Sudo Without Password

November 15th 2020

Sudo is a Linux program used to grant superuser access to non-admin users. Generally this is regarded as a good security measure which allows a regular user to run administrative tasks on the system without using the root or super user credentials.

Sometimes the security measures presented by sudo can create issues for service accounts that automatically run administrative commands. In those situations there is a way to modify the sudo settings to allow some or all commands without a password. Before making any changes understand the security issues here, the password prompt when running a command through sudo prevents accidental access of administrative level commands. But neither this guide, nor the password prompt before sudo are fool proof security measures.

What I mean is if an attacker were able to get far enough to run sudo on a machine, there are far worse security issues at play.

To allow passwordless sudo you’ll need to create a file in the directory


/etc/sudoers.d

For instance if you wanted to give a program called test-prog passwordless sudo access to a command you could create a file called ‘test-prog-cmd’ in the directory using the command below


sudo nano /etc/sudoers.d/test-prog-cmd

The name of the file doesn’t matter to sudo, the name’s purpose is to help the admin identify the contents of the file.
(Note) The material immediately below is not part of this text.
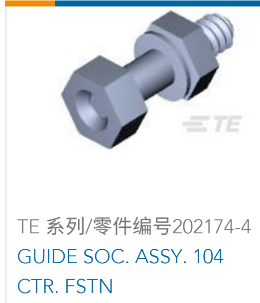
TE 系列/零件编号202174-4 GUIDE SOC. ASSY. 104 CTR. FSTN
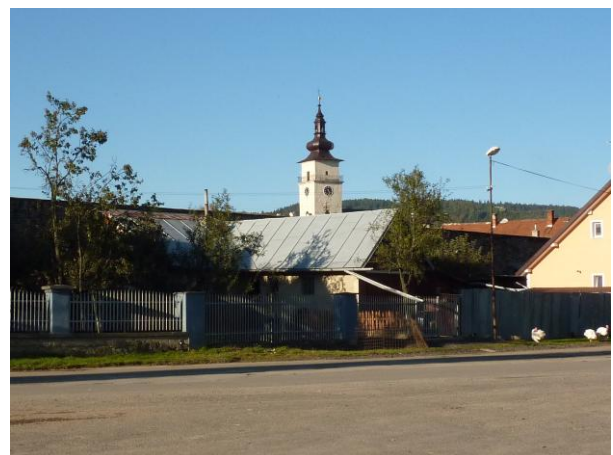
306. Bernolákova - zástavba pri JZ hradbe

Though there are two exceptions.

The file name cannot end in ‘~’.
The file name cannot contain a ‘.’

Before modifying these files make sure the program has a dedicated user with sudo privileges. If the program test-prog needs to run the command reboot through the sudo capable user test add the line
below to the test-prog-cmd file.


test ALL=NOPASSWD: /sbin/reboot
test
the first part is the username the rule will apply to
ALL=NOPASSWD
The ALL here denotes which hosts the rule applies to, in most cases this will always be ALL. The NOPASSWD tells sudo to not prompt for the user test’s password.
/sbin/reboot
The final part is the path to the command, note that this has to be full path to the program for the command. Just putting ‘reboot’ here will not work.
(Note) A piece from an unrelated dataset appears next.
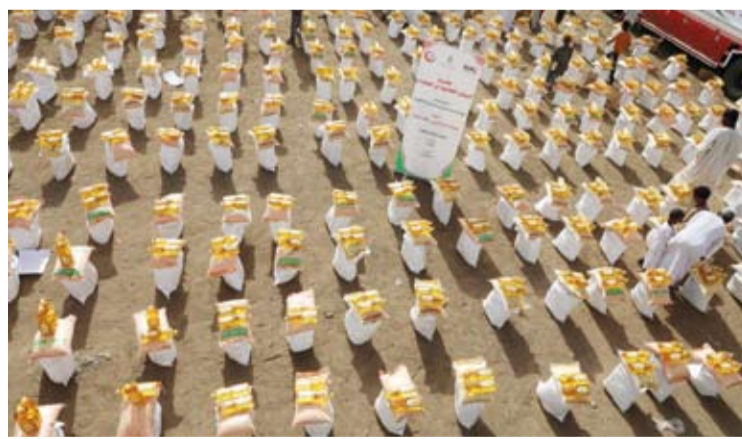
مشروع السلال الغذائية

What if we want to control a service invoked by Systemd? The line below will restart the service called test-prog.service


test ALL=NOPASSWD: /bin/systemctl restart test-prog.service

note that systemctl’s location can differ based on distro, to find it run the command below


whereis systemctl

That’s it, at this point the program should be able to use the test user to run the reboot command or restart the service test-prog.service without requiring a password.